# TASK
Please reproduce exactly, and only, the lines from the one with "Ateneo Veneto Lavori" through the last line of the listing below, both ends included, leaving out the pictures.

# INPUT FOR THIS TASK
******
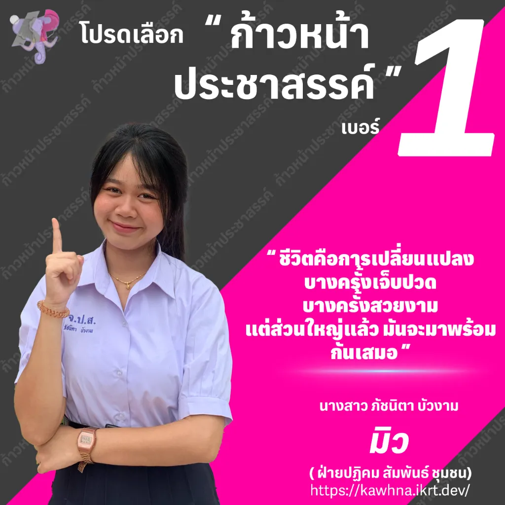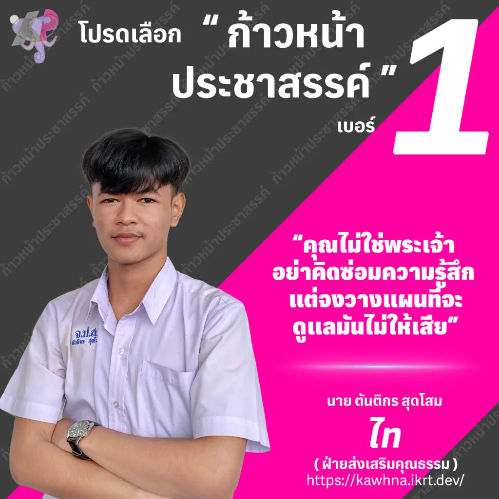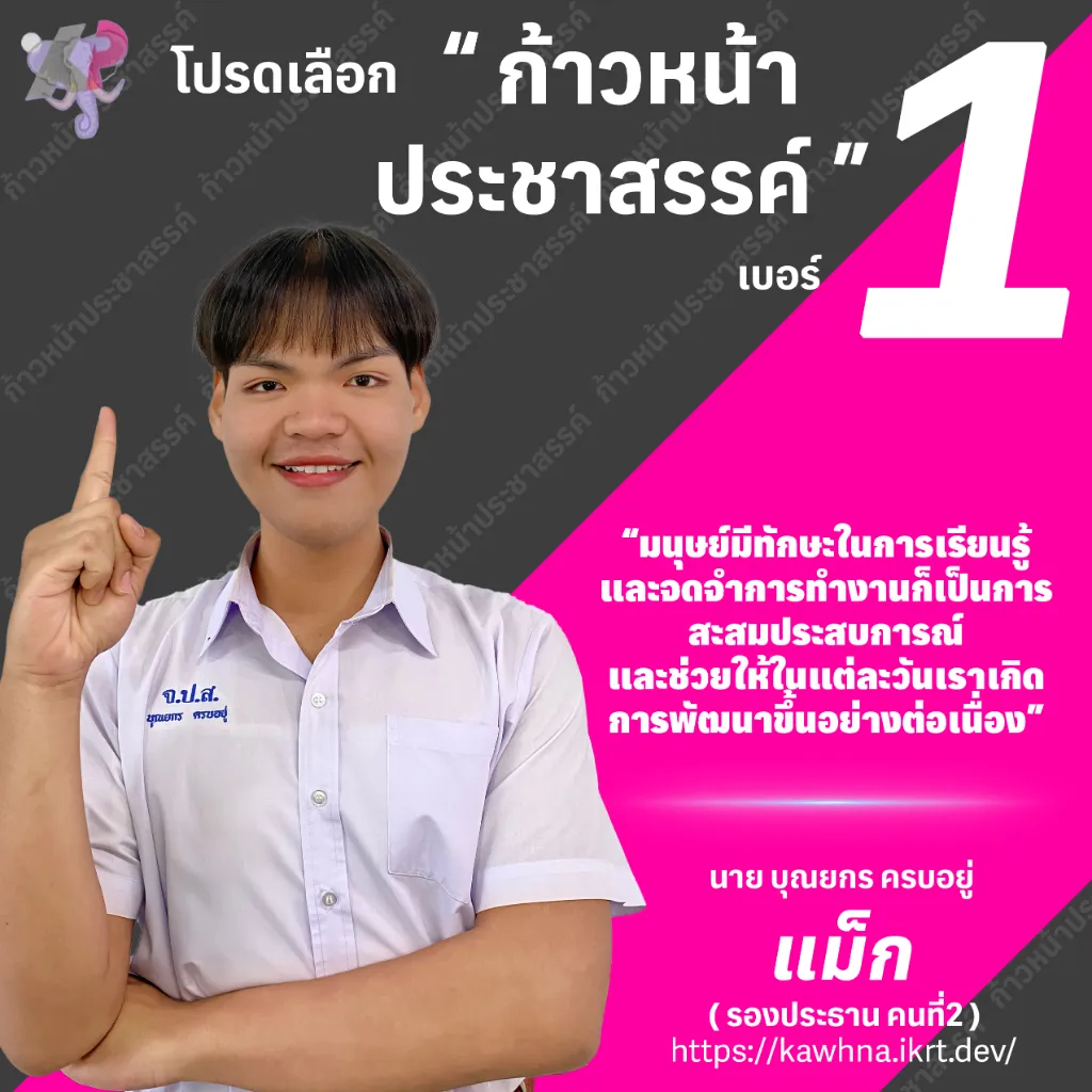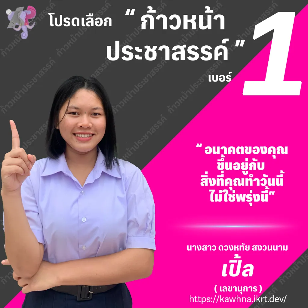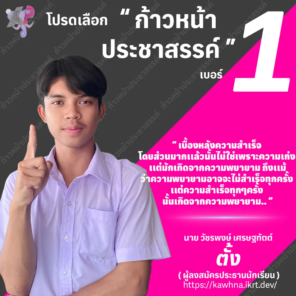 พรรคของเรา มีความเชื่อมั่นว่า นักเรียนคือผู้ที่สามารถเปลี่ยนแปลงสิ่งต่างๆ โดยยึดหลักความมีส่วนร่วมของนักเรียนเป็นหลัก ดั้งนั้นเราจึงลงสมัครเพื่อเป็นตัวแทนของนักเรียน เพื่อนำเสียงสะท้อนของนักเรียนไปส่งถึงผู้มีอำนาจตัดสินใจ ราขอเชิญชวนนักเรียนทุกคนมาร่วมเป็นส่วนหนึ่งกับพรรคก้าวหน้าประชาสรรค์ เพื่อช่วยกันสร้างโรงเรียนเราที่ดีกว่า
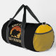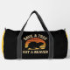 This witty black and light orange duffle bag features a beaver silhouette in front of a retro sunset, along with the humourous and controversial phrase "SAVE A TREE EAT A BEAVER." It's a bold statement piece for those with a unique sense of humour and appreciation for wordplay. Perfect for gym, travel, or just to spark a conversation. Edit colour of the bag caps and body in the Design tool to your favored colours.
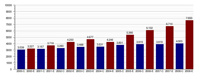 Evolución demográfica de los núcleos de Castellón de Ampurias (C) y Ampuriabrava (E) |
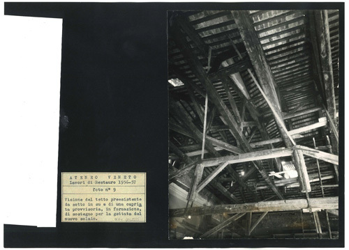 Ateneo Veneto Lavori di restauro 1956-57: foto n° 9: Visione del tetto preesistente da sotto in su e di una capriata provvisoria, in formazione, di sostegno per la gettata del nuovo solaio.
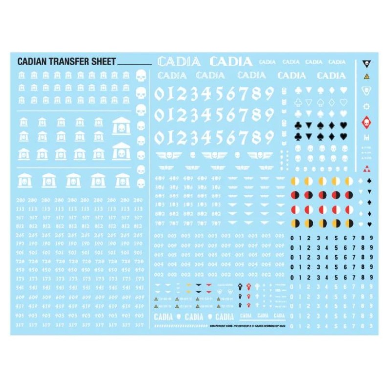 Ce kit est composé de 123 éléments en plastique et est fourni avec 5x socles ronds Citadel de 28,5 mm. Il contient également une Planche de Décalcomanies d'Infanterie de l'Astra Militarum avec 597 décalcos proposant des numéros, des marquages d'escouade et l'héraldique régimentaire cadienne. Ces figurines sont fournies non peintes et nécessitent assemblage
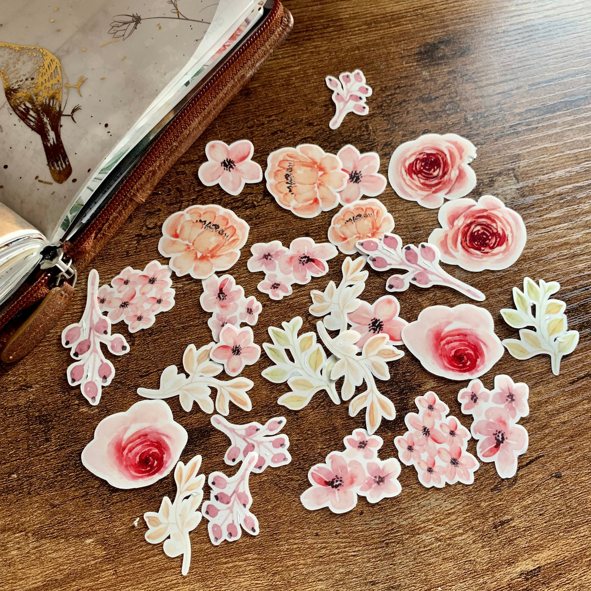 New gorgeous Watercolour floral elements sticker flakes printed on Premium Glossy Clear/transparent Sticker Paper great for decorating any planner/journal.
******
# REPLY TO THE TASK
 Ateneo Veneto Lavori di restauro 1956-57: foto n° 9: Visione del tetto preesistente da sotto in su e di una capriata provvisoria, in formazione, di sostegno per la gettata del nuovo solaio.
 Ce kit est composé de 123 éléments en plastique et est fourni avec 5x socles ronds Citadel de 28,5 mm. Il contient également une Planche de Décalcomanies d'Infanterie de l'Astra Militarum avec 597 décalcos proposant des numéros, des marquages d'escouade et l'héraldique régimentaire cadienne. Ces figurines sont fournies non peintes et nécessitent assemblage
 New gorgeous Watercolour floral elements sticker flakes printed on Premium Glossy Clear/transparent Sticker Paper great for decorating any planner/journal.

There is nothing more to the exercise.